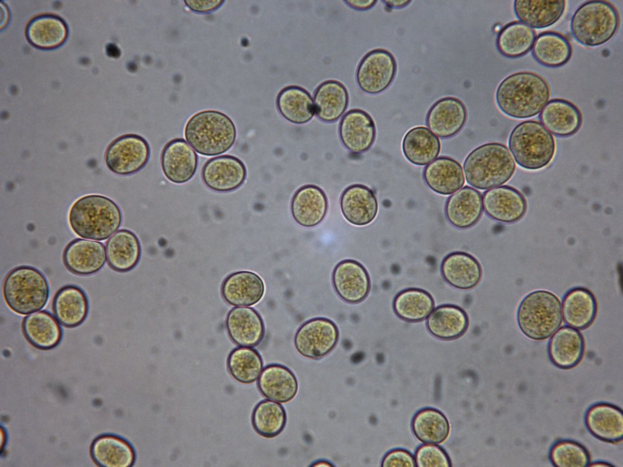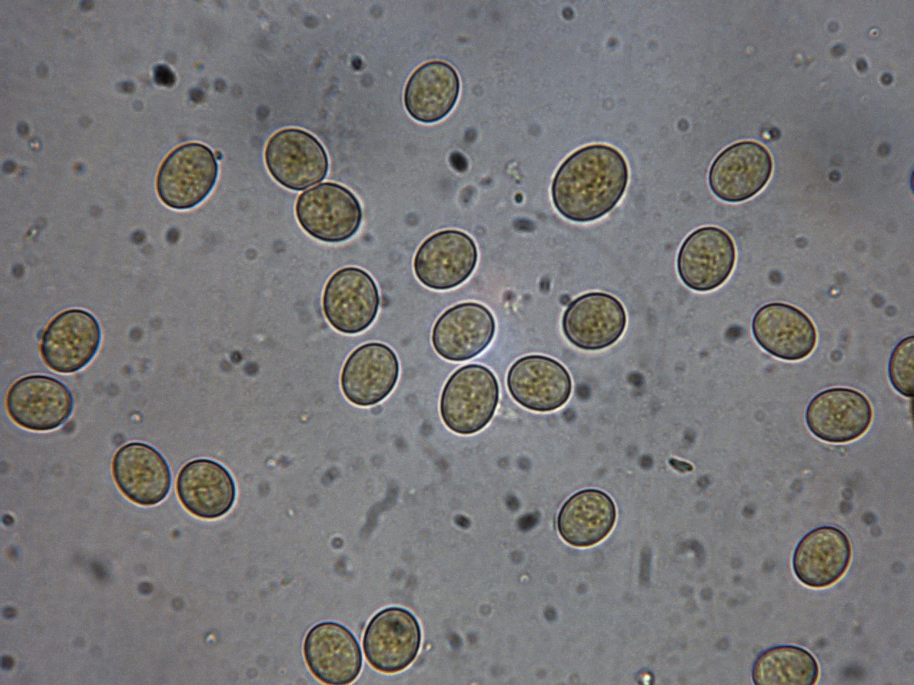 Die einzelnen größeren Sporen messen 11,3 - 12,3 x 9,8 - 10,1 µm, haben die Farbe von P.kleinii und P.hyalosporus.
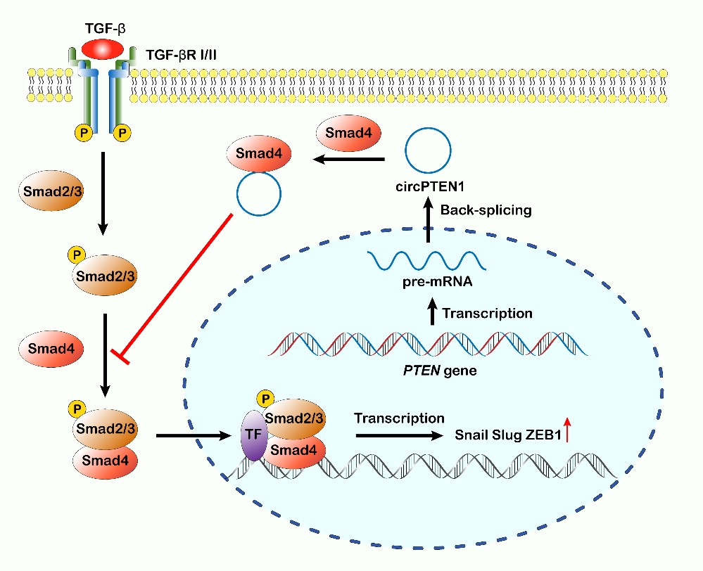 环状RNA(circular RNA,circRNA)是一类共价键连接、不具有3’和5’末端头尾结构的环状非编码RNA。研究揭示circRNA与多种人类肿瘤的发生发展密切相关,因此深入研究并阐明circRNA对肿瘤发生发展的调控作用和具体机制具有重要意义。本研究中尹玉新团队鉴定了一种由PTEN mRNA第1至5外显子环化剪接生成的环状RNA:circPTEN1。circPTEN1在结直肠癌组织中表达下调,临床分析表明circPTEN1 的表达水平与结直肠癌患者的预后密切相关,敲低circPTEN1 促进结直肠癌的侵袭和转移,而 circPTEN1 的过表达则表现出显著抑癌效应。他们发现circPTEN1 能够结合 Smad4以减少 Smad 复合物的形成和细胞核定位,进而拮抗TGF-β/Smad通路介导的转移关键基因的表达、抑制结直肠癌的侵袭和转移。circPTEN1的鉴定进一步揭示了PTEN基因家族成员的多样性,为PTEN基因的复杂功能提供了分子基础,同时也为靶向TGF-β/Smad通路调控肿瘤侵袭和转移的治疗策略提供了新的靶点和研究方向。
★ ★ ★
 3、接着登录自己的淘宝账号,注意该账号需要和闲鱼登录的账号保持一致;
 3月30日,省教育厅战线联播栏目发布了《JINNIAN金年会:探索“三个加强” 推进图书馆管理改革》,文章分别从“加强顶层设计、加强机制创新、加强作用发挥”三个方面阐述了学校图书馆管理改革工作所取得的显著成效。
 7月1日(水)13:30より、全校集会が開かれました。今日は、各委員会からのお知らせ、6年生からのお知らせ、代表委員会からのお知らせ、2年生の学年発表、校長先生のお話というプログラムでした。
★ ★ ★
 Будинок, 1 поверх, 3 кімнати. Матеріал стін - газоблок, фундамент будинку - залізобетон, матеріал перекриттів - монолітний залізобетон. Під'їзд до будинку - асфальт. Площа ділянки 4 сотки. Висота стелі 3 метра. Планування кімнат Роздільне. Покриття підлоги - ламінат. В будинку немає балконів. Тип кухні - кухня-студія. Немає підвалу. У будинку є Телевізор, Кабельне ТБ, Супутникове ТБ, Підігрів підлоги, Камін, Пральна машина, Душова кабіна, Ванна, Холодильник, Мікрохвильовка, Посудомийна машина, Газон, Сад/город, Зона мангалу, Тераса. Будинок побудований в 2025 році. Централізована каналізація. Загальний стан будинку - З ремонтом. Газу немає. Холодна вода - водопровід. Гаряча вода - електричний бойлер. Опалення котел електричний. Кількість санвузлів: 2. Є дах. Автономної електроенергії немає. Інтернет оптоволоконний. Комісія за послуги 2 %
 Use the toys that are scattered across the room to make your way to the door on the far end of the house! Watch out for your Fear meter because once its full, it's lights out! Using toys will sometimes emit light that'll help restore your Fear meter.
★ ★ ★
◆ Your task
Look above for the line with "Die einzelnen größeren" and the line with "的表达水平与结直肠癌患者的预后密切相关,敲低circPTEN1 促进结直肠癌的侵袭和转移,而 circPTEN1"; set down those two lines and all lines between them exactly, without pictures and without anything else.

◆ Answer to this problem
 Die einzelnen größeren Sporen messen 11,3 - 12,3 x 9,8 - 10,1 µm, haben die Farbe von P.kleinii und P.hyalosporus.
 环状RNA(circular RNA,circRNA)是一类共价键连接、不具有3’和5’末端头尾结构的环状非编码RNA。研究揭示circRNA与多种人类肿瘤的发生发展密切相关,因此深入研究并阐明circRNA对肿瘤发生发展的调控作用和具体机制具有重要意义。本研究中尹玉新团队鉴定了一种由PTEN mRNA第1至5外显子环化剪接生成的环状RNA:circPTEN1。circPTEN1在结直肠癌组织中表达下调,临床分析表明circPTEN1 的表达水平与结直肠癌患者的预后密切相关,敲低circPTEN1 促进结直肠癌的侵袭和转移,而 circPTEN1 的过表达则表现出显著抑癌效应。他们发现circPTEN1 能够结合 Smad4以减少 Smad 复合物的形成和细胞核定位,进而拮抗TGF-β/Smad通路介导的转移关键基因的表达、抑制结直肠癌的侵袭和转移。circPTEN1的鉴定进一步揭示了PTEN基因家族成员的多样性,为PTEN基因的复杂功能提供了分子基础,同时也为靶向TGF-β/Smad通路调控肿瘤侵袭和转移的治疗策略提供了新的靶点和研究方向。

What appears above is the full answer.